Supplied material section start

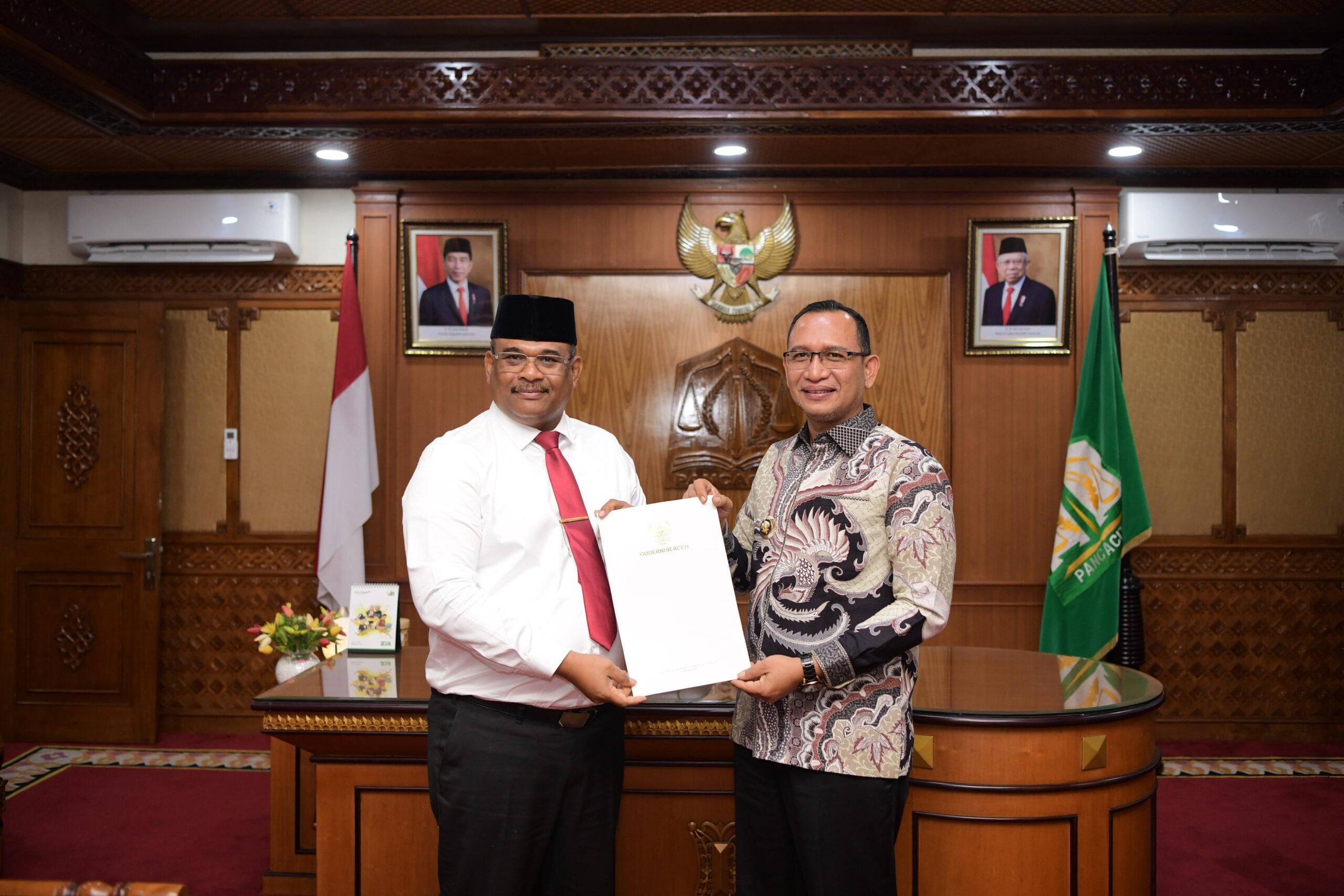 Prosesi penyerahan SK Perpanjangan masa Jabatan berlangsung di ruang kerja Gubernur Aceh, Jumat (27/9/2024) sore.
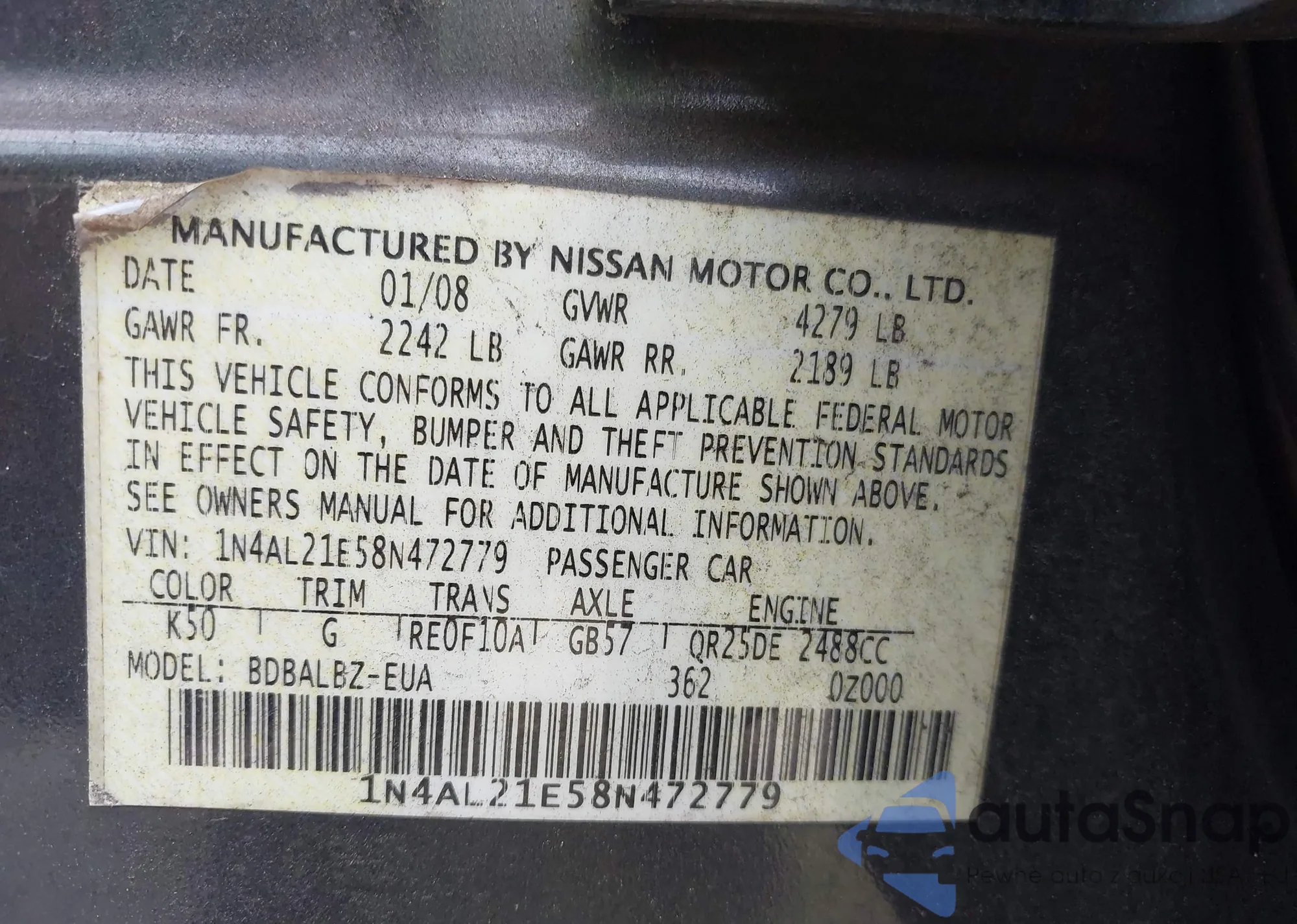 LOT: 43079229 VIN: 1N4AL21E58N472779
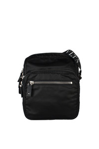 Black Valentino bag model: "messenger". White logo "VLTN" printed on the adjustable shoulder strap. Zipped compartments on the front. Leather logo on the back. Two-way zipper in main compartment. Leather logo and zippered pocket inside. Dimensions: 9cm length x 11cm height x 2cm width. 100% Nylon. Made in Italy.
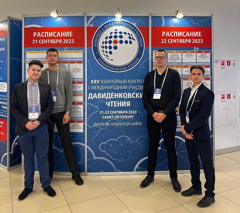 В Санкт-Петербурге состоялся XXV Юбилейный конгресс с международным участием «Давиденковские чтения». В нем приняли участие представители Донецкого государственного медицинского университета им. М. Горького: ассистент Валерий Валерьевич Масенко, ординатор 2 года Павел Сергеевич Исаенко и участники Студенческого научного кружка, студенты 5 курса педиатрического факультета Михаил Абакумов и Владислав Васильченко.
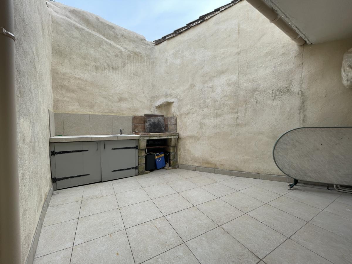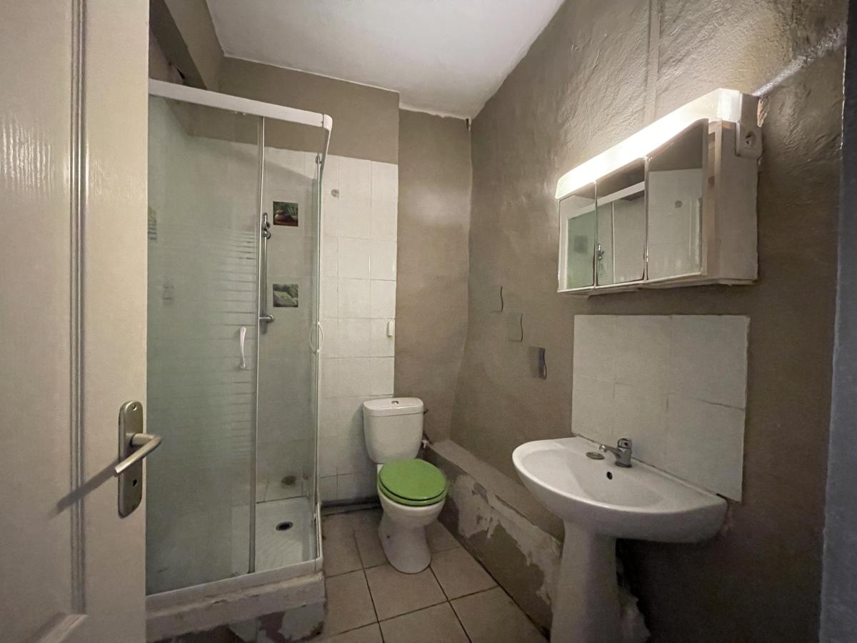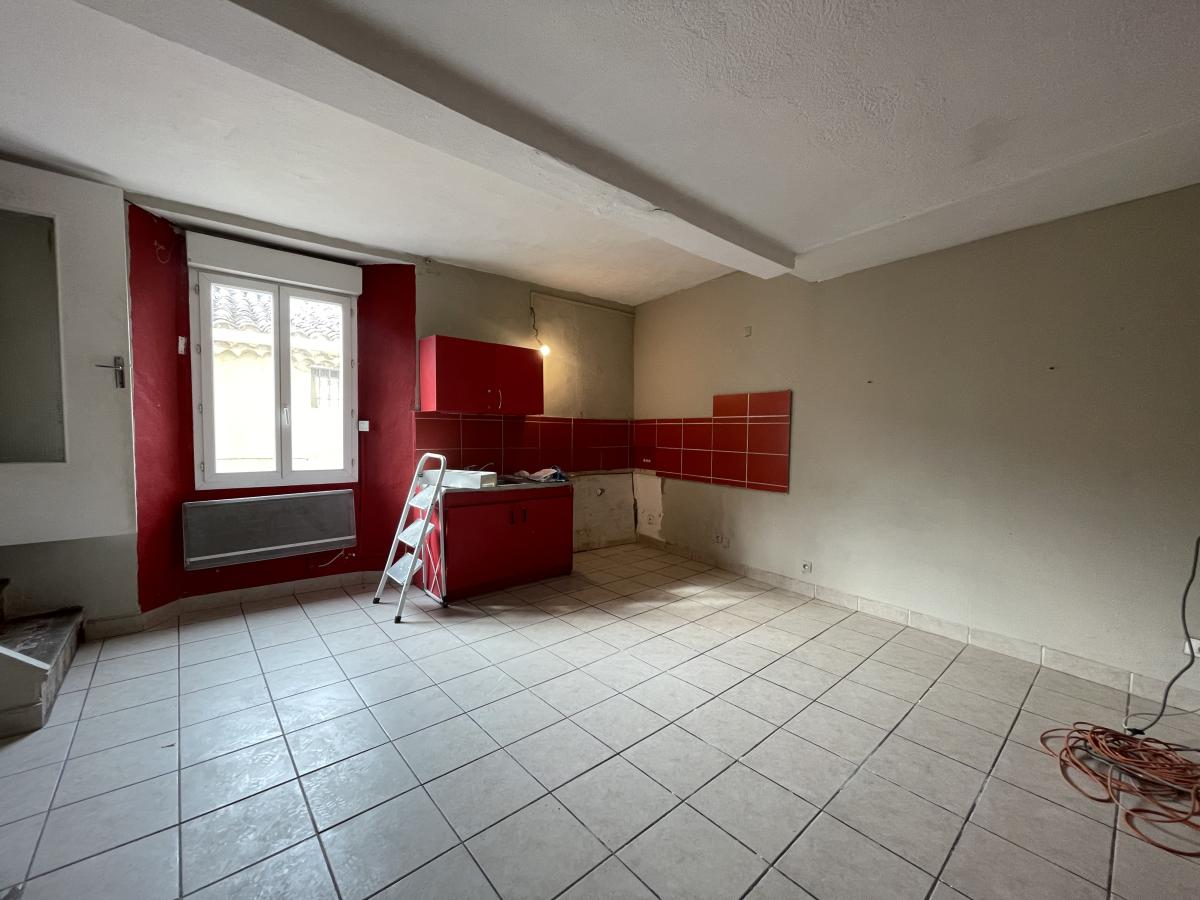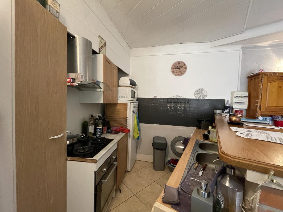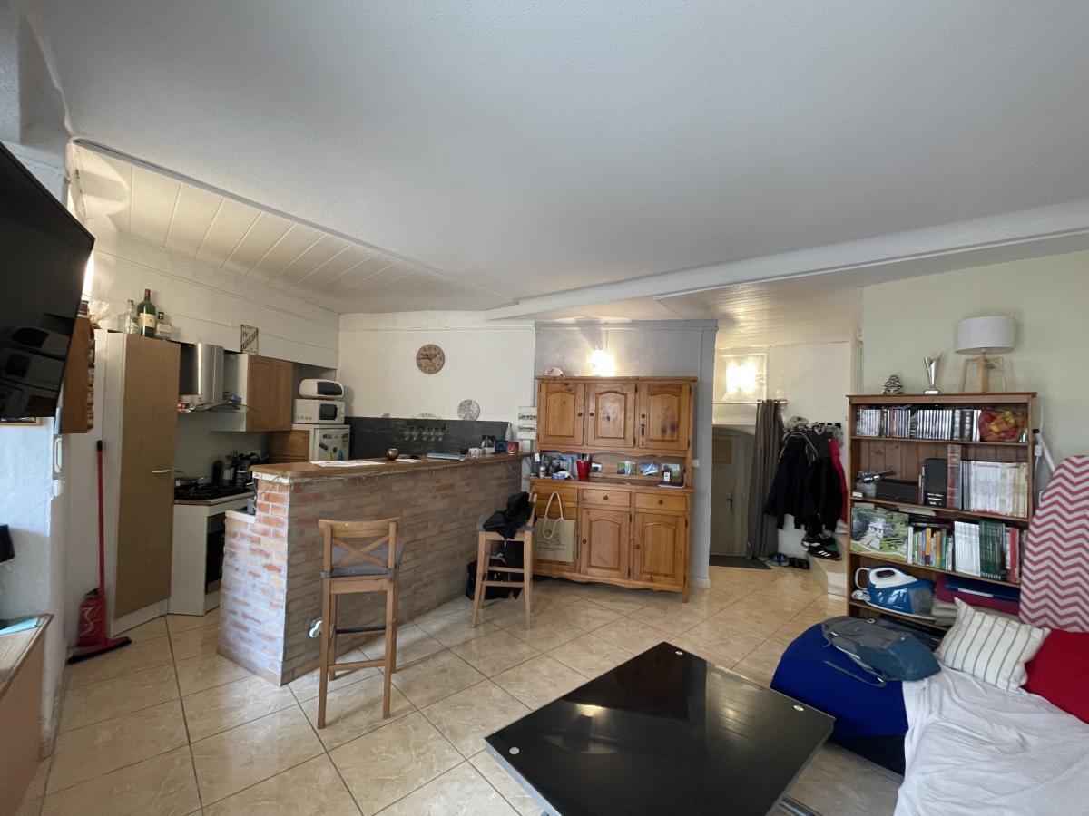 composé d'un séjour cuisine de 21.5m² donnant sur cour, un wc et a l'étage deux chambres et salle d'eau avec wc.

Supplied material section end

Task to carry out: Leaving every picture out, output the data exactly as it stands.

Expected answer:
 Prosesi penyerahan SK Perpanjangan masa Jabatan berlangsung di ruang kerja Gubernur Aceh, Jumat (27/9/2024) sore.
 LOT: 43079229 VIN: 1N4AL21E58N472779
 Black Valentino bag model: "messenger". White logo "VLTN" printed on the adjustable shoulder strap. Zipped compartments on the front. Leather logo on the back. Two-way zipper in main compartment. Leather logo and zippered pocket inside. Dimensions: 9cm length x 11cm height x 2cm width. 100% Nylon. Made in Italy.
 В Санкт-Петербурге состоялся XXV Юбилейный конгресс с международным участием «Давиденковские чтения». В нем приняли участие представители Донецкого государственного медицинского университета им. М. Горького: ассистент Валерий Валерьевич Масенко, ординатор 2 года Павел Сергеевич Исаенко и участники Студенческого научного кружка, студенты 5 курса педиатрического факультета Михаил Абакумов и Владислав Васильченко.
 composé d'un séjour cuisine de 21.5m² donnant sur cour, un wc et a l'étage deux chambres et salle d'eau avec wc.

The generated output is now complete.